Going line by line through the records below, write out everything starting with the line containing "當原線圈通有交流電,會在鐵芯" and going on through the line containing "Our Farmhouse Cake", exactly and inclusively. Pictures do not go in.

......

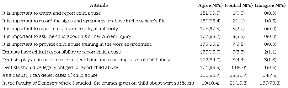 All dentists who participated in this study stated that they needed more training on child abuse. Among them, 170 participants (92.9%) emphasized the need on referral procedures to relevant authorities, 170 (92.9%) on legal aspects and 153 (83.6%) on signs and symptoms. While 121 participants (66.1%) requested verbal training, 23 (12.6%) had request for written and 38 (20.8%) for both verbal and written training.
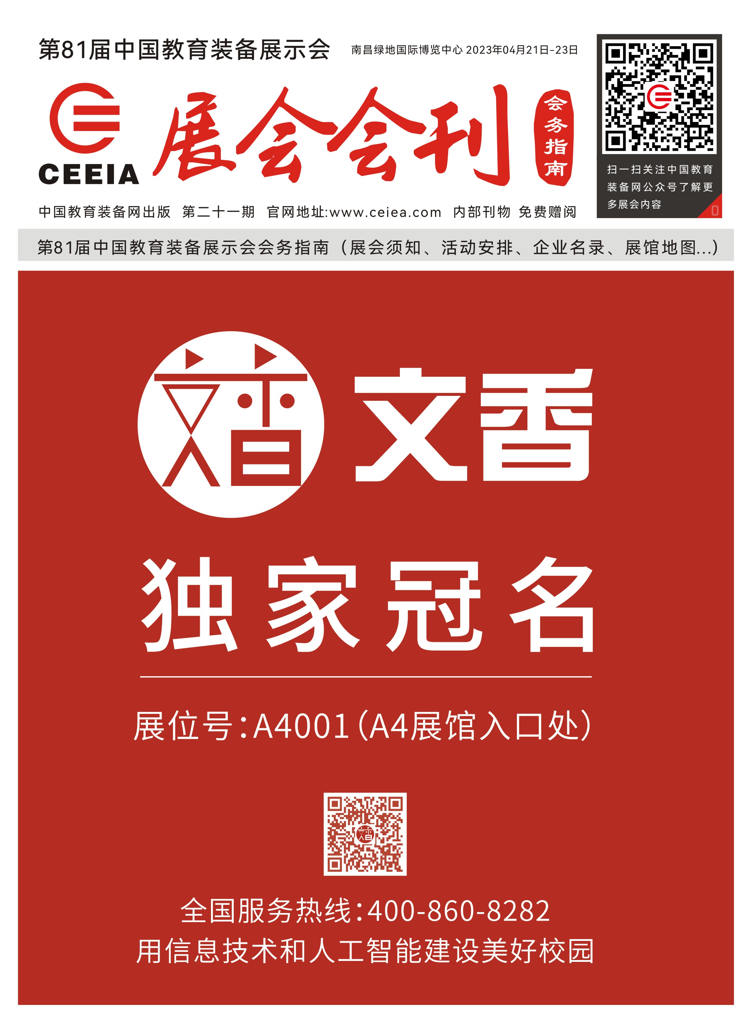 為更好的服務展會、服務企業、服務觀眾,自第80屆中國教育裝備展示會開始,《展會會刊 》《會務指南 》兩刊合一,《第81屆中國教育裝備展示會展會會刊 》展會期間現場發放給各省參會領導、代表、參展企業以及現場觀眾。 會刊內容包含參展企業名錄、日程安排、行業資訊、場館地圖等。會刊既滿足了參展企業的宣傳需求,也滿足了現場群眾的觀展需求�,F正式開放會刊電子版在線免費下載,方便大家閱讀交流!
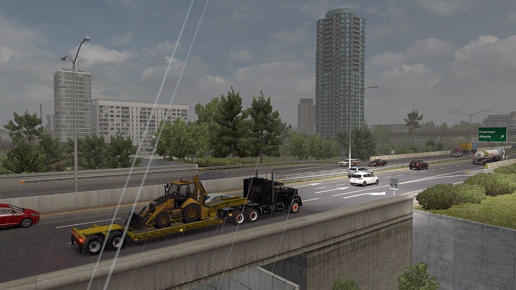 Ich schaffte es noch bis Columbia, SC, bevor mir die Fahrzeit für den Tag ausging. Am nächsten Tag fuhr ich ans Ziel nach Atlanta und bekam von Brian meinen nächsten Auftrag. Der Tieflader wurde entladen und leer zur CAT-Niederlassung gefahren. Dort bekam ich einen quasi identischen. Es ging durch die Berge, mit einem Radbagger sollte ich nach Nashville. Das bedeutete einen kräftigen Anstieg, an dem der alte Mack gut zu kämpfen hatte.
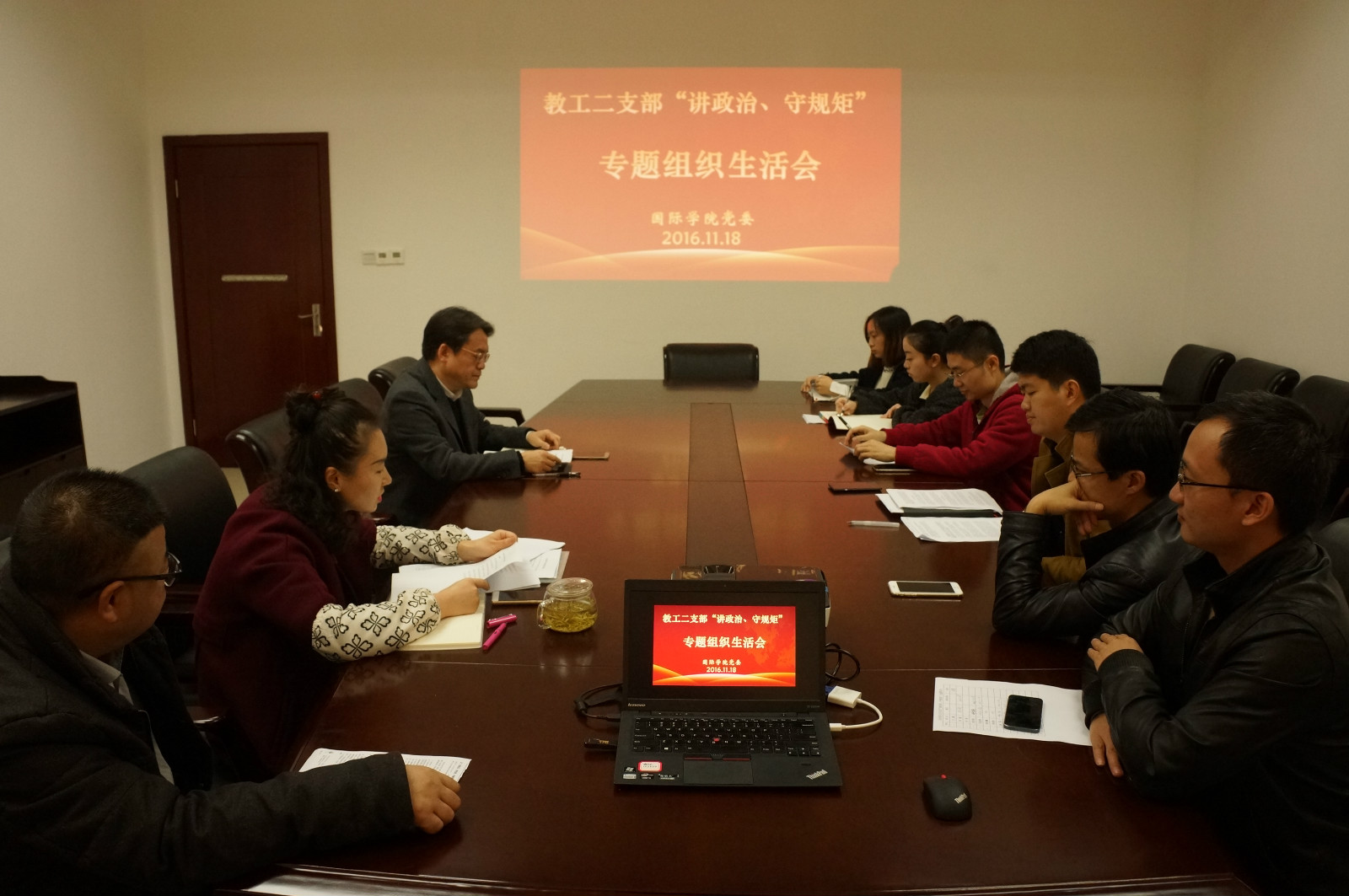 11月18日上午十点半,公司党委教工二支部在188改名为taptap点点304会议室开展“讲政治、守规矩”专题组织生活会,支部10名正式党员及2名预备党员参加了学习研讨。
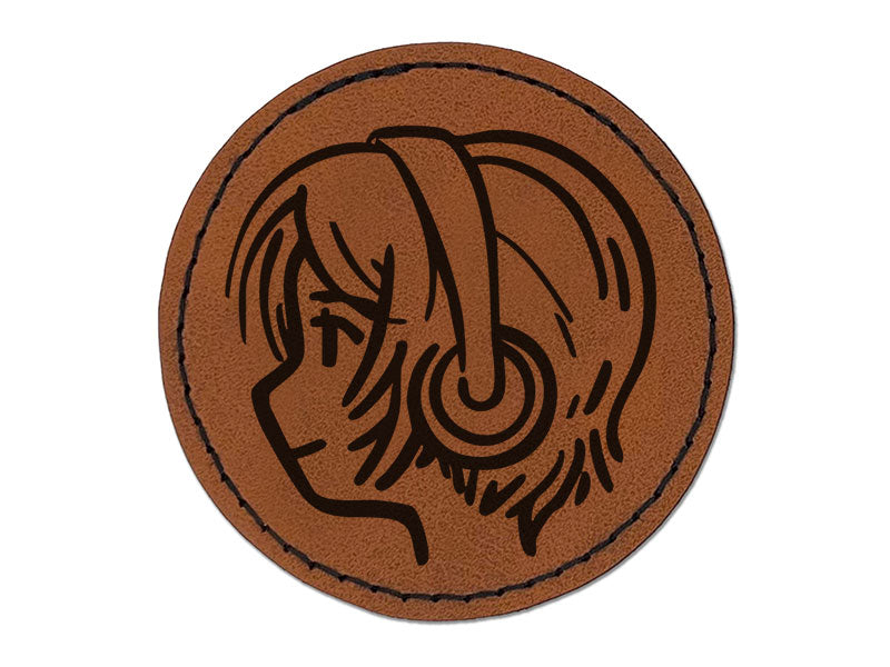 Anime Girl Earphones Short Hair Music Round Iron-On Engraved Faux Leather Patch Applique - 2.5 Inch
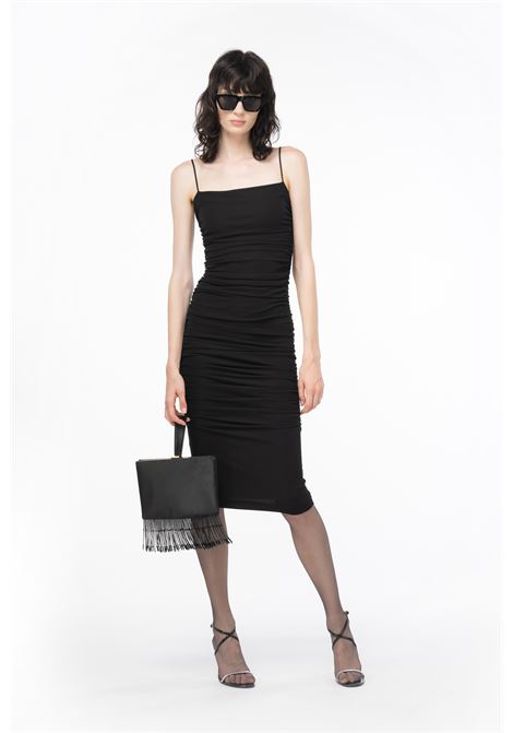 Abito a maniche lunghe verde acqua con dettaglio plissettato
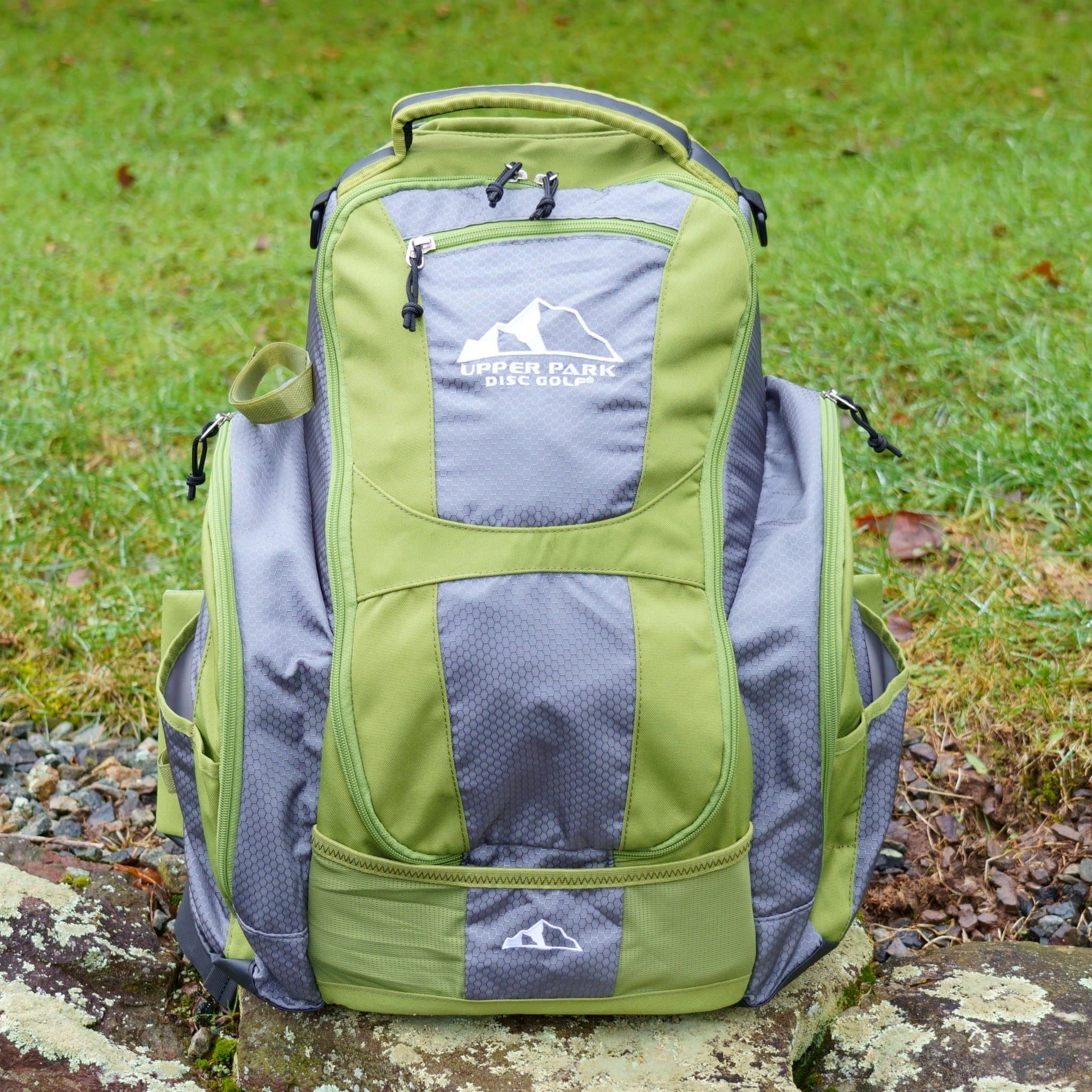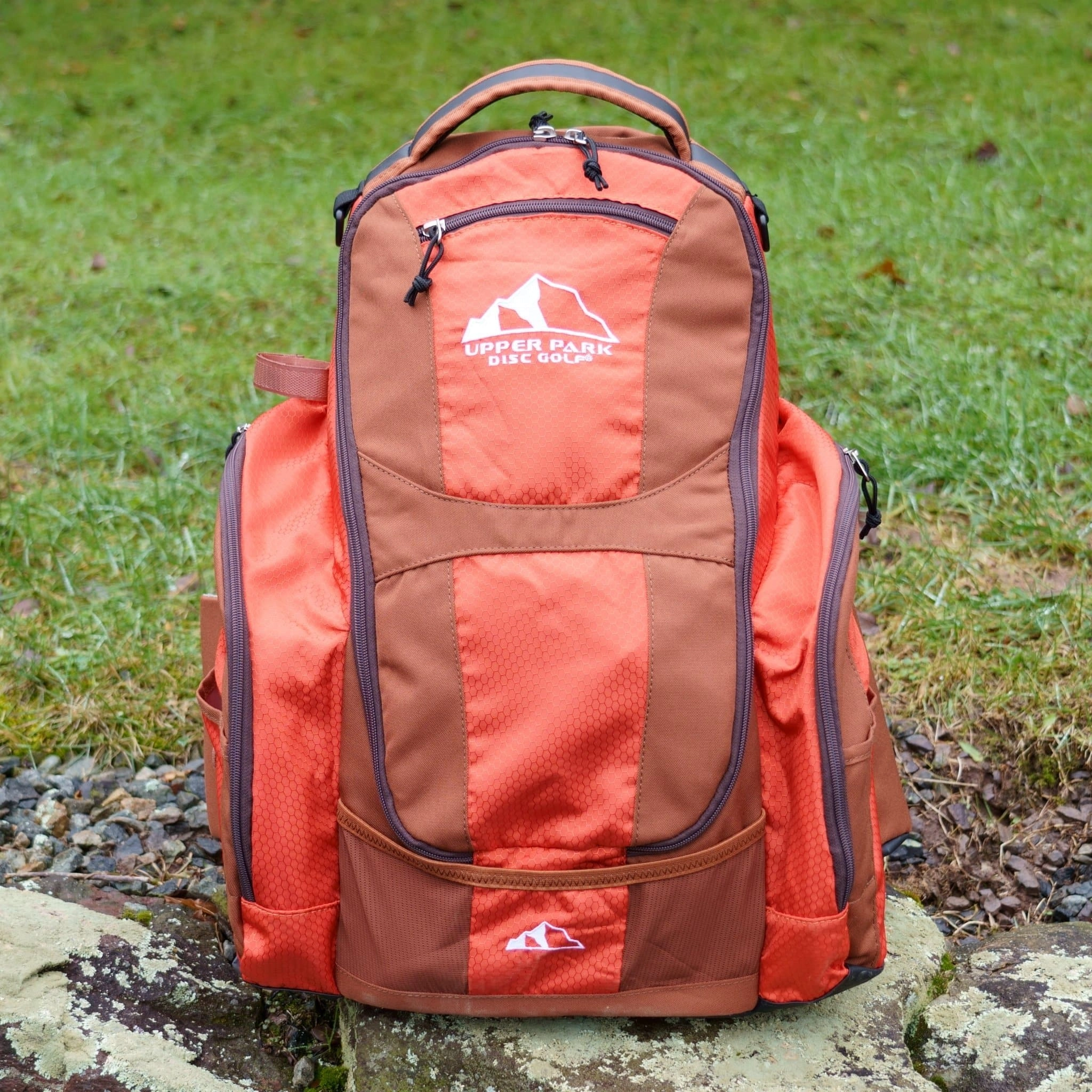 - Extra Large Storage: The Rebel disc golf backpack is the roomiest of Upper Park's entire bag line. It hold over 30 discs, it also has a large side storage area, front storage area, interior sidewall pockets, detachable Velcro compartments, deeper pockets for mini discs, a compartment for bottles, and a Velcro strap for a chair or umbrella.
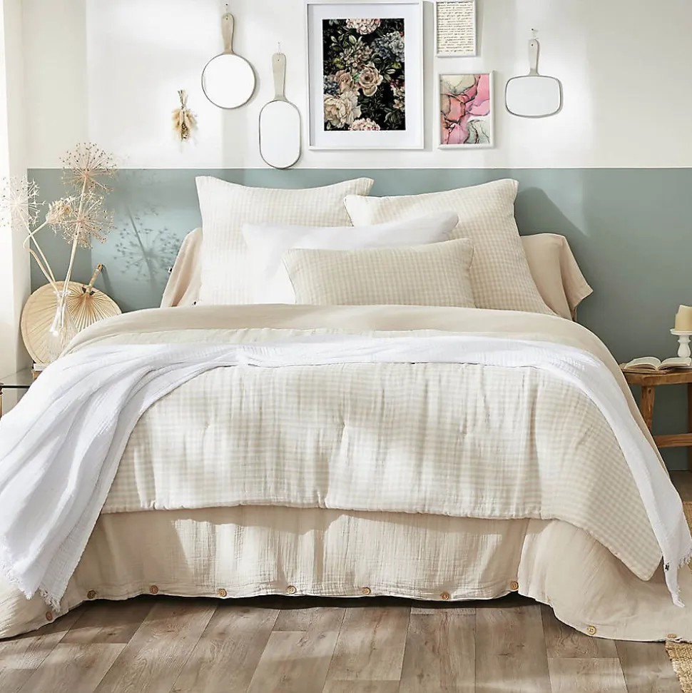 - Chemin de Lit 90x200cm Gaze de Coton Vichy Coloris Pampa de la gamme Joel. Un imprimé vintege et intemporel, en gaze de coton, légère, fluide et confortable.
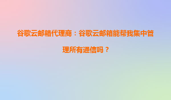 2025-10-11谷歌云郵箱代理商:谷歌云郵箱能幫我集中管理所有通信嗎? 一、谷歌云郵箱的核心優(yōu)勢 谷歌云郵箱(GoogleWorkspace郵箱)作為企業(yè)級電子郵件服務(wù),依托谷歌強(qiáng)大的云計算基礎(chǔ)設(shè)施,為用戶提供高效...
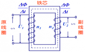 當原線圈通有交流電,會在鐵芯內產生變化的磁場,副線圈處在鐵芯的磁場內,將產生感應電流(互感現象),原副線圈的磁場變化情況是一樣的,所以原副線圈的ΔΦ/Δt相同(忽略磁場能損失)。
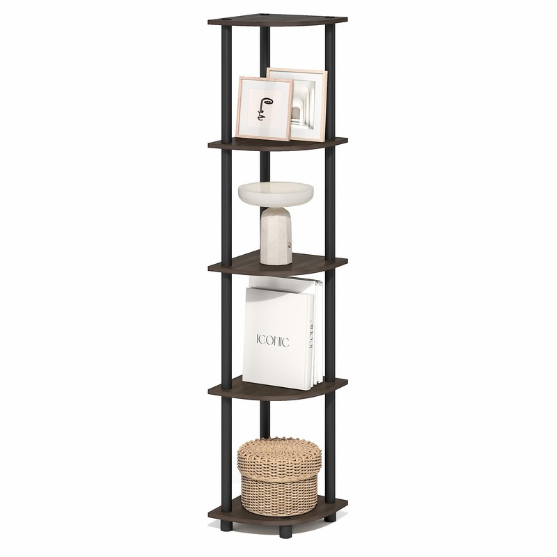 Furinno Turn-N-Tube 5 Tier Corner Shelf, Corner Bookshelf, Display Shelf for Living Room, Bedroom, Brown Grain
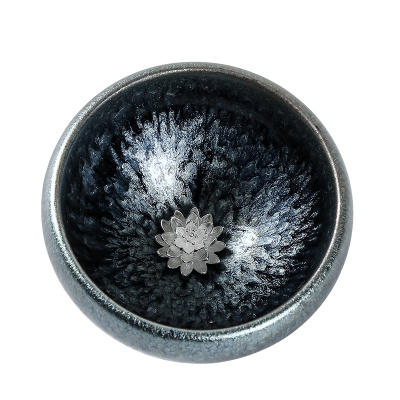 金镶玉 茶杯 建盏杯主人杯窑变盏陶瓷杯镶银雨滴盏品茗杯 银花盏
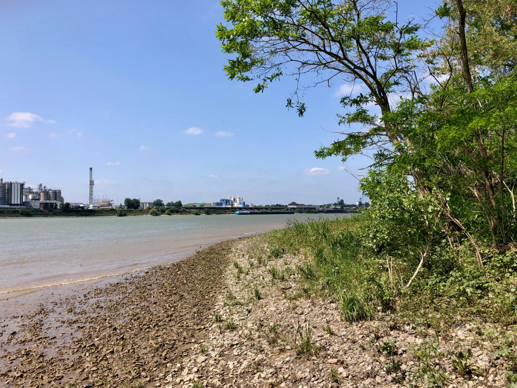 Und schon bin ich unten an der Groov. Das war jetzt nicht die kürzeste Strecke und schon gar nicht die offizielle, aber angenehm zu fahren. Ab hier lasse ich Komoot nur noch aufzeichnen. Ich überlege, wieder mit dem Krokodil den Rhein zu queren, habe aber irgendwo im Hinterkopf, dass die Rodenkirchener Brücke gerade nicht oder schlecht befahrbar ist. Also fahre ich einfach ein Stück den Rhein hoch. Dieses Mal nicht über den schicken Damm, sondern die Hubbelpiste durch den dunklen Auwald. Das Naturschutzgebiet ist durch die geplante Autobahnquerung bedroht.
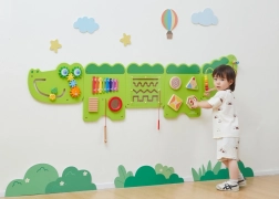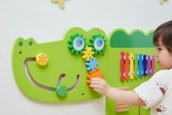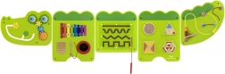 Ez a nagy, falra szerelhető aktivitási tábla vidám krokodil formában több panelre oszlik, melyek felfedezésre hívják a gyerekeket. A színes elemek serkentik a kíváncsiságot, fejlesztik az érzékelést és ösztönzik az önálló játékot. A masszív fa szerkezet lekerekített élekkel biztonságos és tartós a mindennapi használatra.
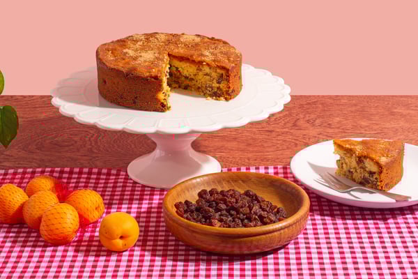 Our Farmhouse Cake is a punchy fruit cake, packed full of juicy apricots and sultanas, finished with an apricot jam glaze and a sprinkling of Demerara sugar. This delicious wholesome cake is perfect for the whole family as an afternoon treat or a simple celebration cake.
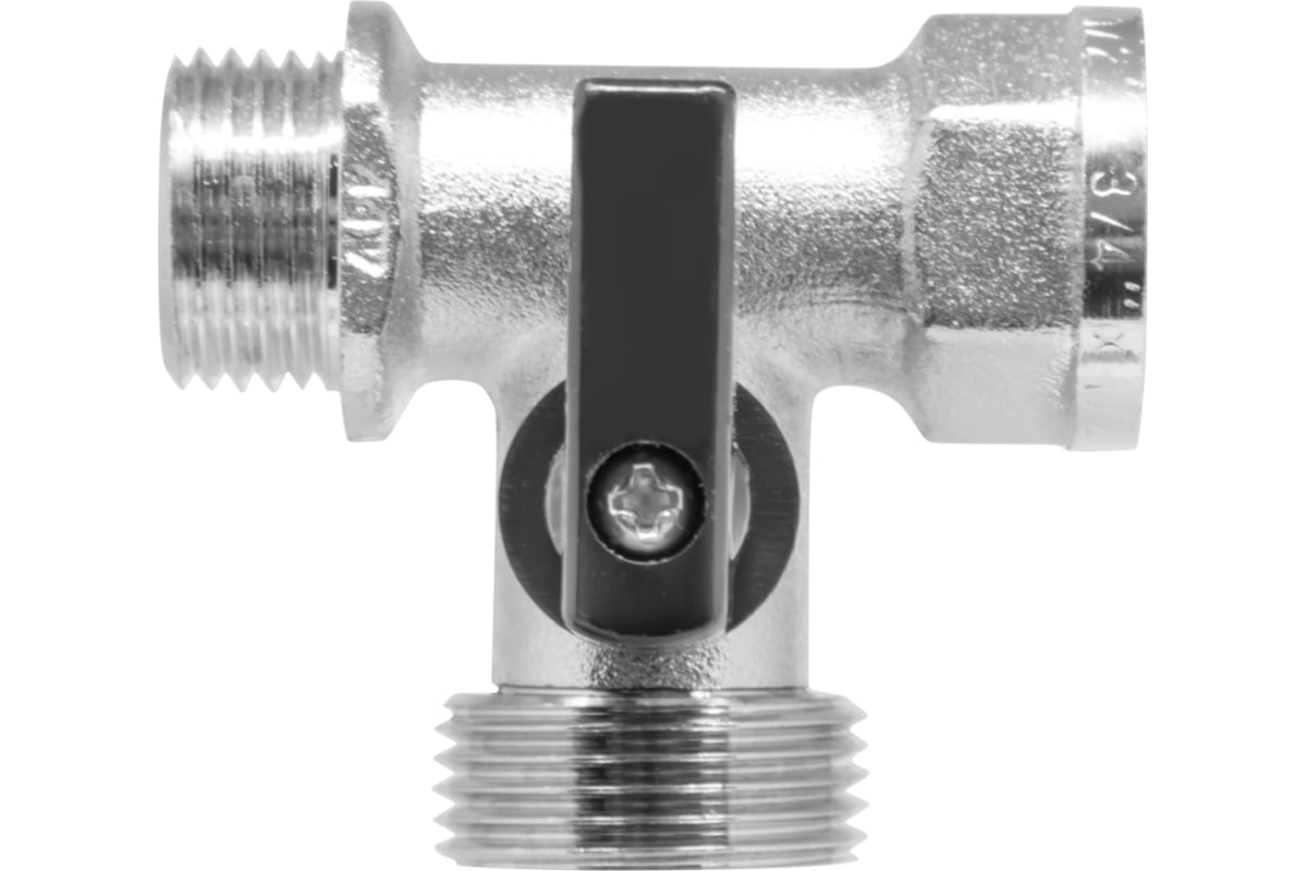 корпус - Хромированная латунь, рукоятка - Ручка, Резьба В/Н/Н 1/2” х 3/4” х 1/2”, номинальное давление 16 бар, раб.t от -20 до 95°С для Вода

......

TASK ANSWER:
 當原線圈通有交流電,會在鐵芯內產生變化的磁場,副線圈處在鐵芯的磁場內,將產生感應電流(互感現象),原副線圈的磁場變化情況是一樣的,所以原副線圈的ΔΦ/Δt相同(忽略磁場能損失)。
 Furinno Turn-N-Tube 5 Tier Corner Shelf, Corner Bookshelf, Display Shelf for Living Room, Bedroom, Brown Grain
 金镶玉 茶杯 建盏杯主人杯窑变盏陶瓷杯镶银雨滴盏品茗杯 银花盏
 Und schon bin ich unten an der Groov. Das war jetzt nicht die kürzeste Strecke und schon gar nicht die offizielle, aber angenehm zu fahren. Ab hier lasse ich Komoot nur noch aufzeichnen. Ich überlege, wieder mit dem Krokodil den Rhein zu queren, habe aber irgendwo im Hinterkopf, dass die Rodenkirchener Brücke gerade nicht oder schlecht befahrbar ist. Also fahre ich einfach ein Stück den Rhein hoch. Dieses Mal nicht über den schicken Damm, sondern die Hubbelpiste durch den dunklen Auwald. Das Naturschutzgebiet ist durch die geplante Autobahnquerung bedroht.
 Ez a nagy, falra szerelhető aktivitási tábla vidám krokodil formában több panelre oszlik, melyek felfedezésre hívják a gyerekeket. A színes elemek serkentik a kíváncsiságot, fejlesztik az érzékelést és ösztönzik az önálló játékot. A masszív fa szerkezet lekerekített élekkel biztonságos és tartós a mindennapi használatra.
 Our Farmhouse Cake is a punchy fruit cake, packed full of juicy apricots and sultanas, finished with an apricot jam glaze and a sprinkling of Demerara sugar. This delicious wholesome cake is perfect for the whole family as an afternoon treat or a simple celebration cake.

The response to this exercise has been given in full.